This is America, right? We have a Constitution, right?
Well, there’s lots of ‘words’ in our Constitution which, apparently, some judges haven’t taken the time to read. Bottom line, our Constitution (Federal and State, for those keeping score) bans imprisonment for debt. Even so, some Orlando probationers find themselves unable to afford the massive amounts of fees, fines, court costs, restitution, classes, surcharges, counseling, and so forth and so on. We all know what happens when a probationer cannot afford to do any of the above listed items–a violation warrant is filed by the probation officer.
On the technical side of things, we have Florida Statute section 948.06(5), which sets up the debtors prison scenario by declaring that, “In any hearing in which the failure of a probationer or offender in community control to pay restitution or the cost of supervision as provided in s. 948.09, as directed, is established by the state, if the probationer or offender asserts his or her inability to pay restitution or the cost of supervision, it is incumbent upon the probationer or offender to prove by clear and convincing evidence that he or she does not have the present resources available to pay restitution or the cost of supervision despite sufficient bona fide efforts legally to acquire the resources to do so.”
See the problem here? The probationer carries the burden of proving his poverty, rather than the State. In a Violation of Probation case, it is the state that is bringing a lawsuit against the probationer for failing to pay something–so it should be the state’s burden to prove such. But, that’s not so, due to the ‘burden shifting’ found in Florida law, under section 948.06(5) (highlighted above).

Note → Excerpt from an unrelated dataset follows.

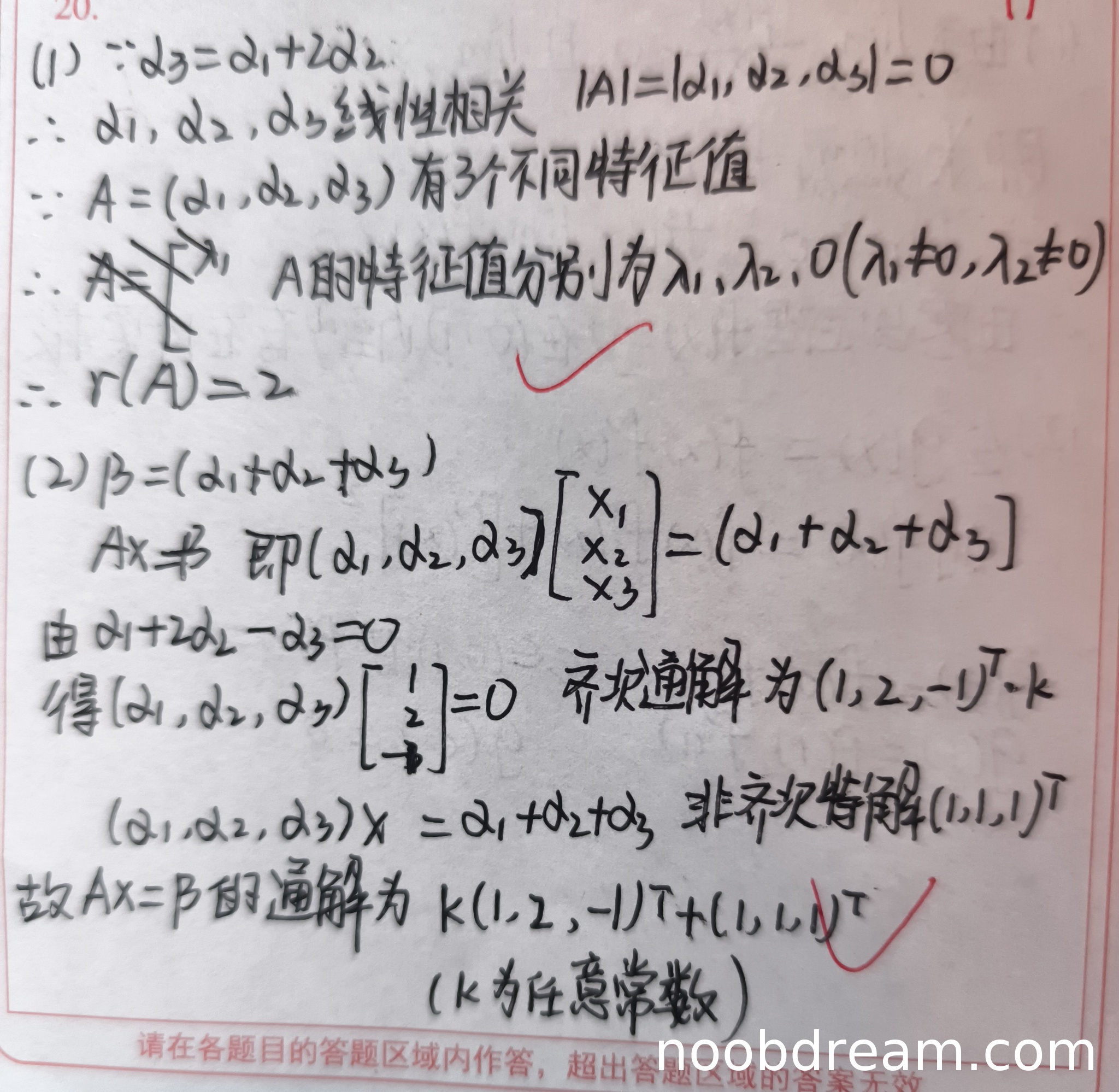学生作答中,第1次识别结果与第2次识别结果在核心逻辑上一致。学生正确指出由α₃ = α₁ + 2α₂可得α₁, α₂, α₃线性相关,从而|A|=0,因此0是A的特征值。由于A有三个不同的特征值,0是单根,且A可对角化,故秩为2。虽然学生没有明确写出相似对角化的步骤,但通过特征值分析得出秩为2的结论是正确的。逻辑完整,没有错误。但表述上略有简略,未详细说明相似对角化与秩的关系,不过核心推理正确。扣1分以反映表述不够严谨。

Can this be fixed? Yes, it has been fixed. Our Florida Supreme Court struck down this law as unconstitutional in Del Valle v. State, 80 So.3d 999 (Fla. 2011). Del Valle was charged and convicted of possession of cocaine, and a subsequent charge of grand theft. As a condition of probation he was to pay $1,809 in restitution at a rate of $80 per month, plus another $25 per month to probation for supervision.
Probation violated Del Valle after he fell several months behind (actually, $1,040 in arrears on restitution alone). The violation report indicated that Del Valle was unemployed. At his hearing, two probation officers testified as to what he owed, but the defense didn’t call any witnesses to explain the underlying reasons for non-payment. The court found a violation, but reinstated his probation. Del Valle appealed, arguing that the Equal Protection and Due Process Clauses of the United States Constitution do not allow an indigent probationer to be incarcerated based solely upon his inability to pay (the Florida Constitution says about the same thing). Florida’s Supreme Court overturned Del Valle’s violation of probation, in part because financial violations require the court to investigate the reasons for failing to pay, and the willfulness of such inability to pay (for example, did the probationer turn down jobs and cause his inability to pay?). Basically, there must be a finding that the probation had the ability to pay–but willfully refused to do so. But the court found even more problems lurking.
The conflict involves the “willfulness” of a violation of probation. It is the State’s burden to prove the probationer willfully violated, yet the statute above seems to indicate it is the probationer’s responsibility to prove he couldn’t afford such. Which is it? Well, the court found that shifting the burden to the probation is fine, but only under two conditions. First, the state must first produce evidence of an inability to pay. Second, the burden will then shift to the probationer, but not to the level of “clear and convincing evidence”, as this is seen as too high of a burden.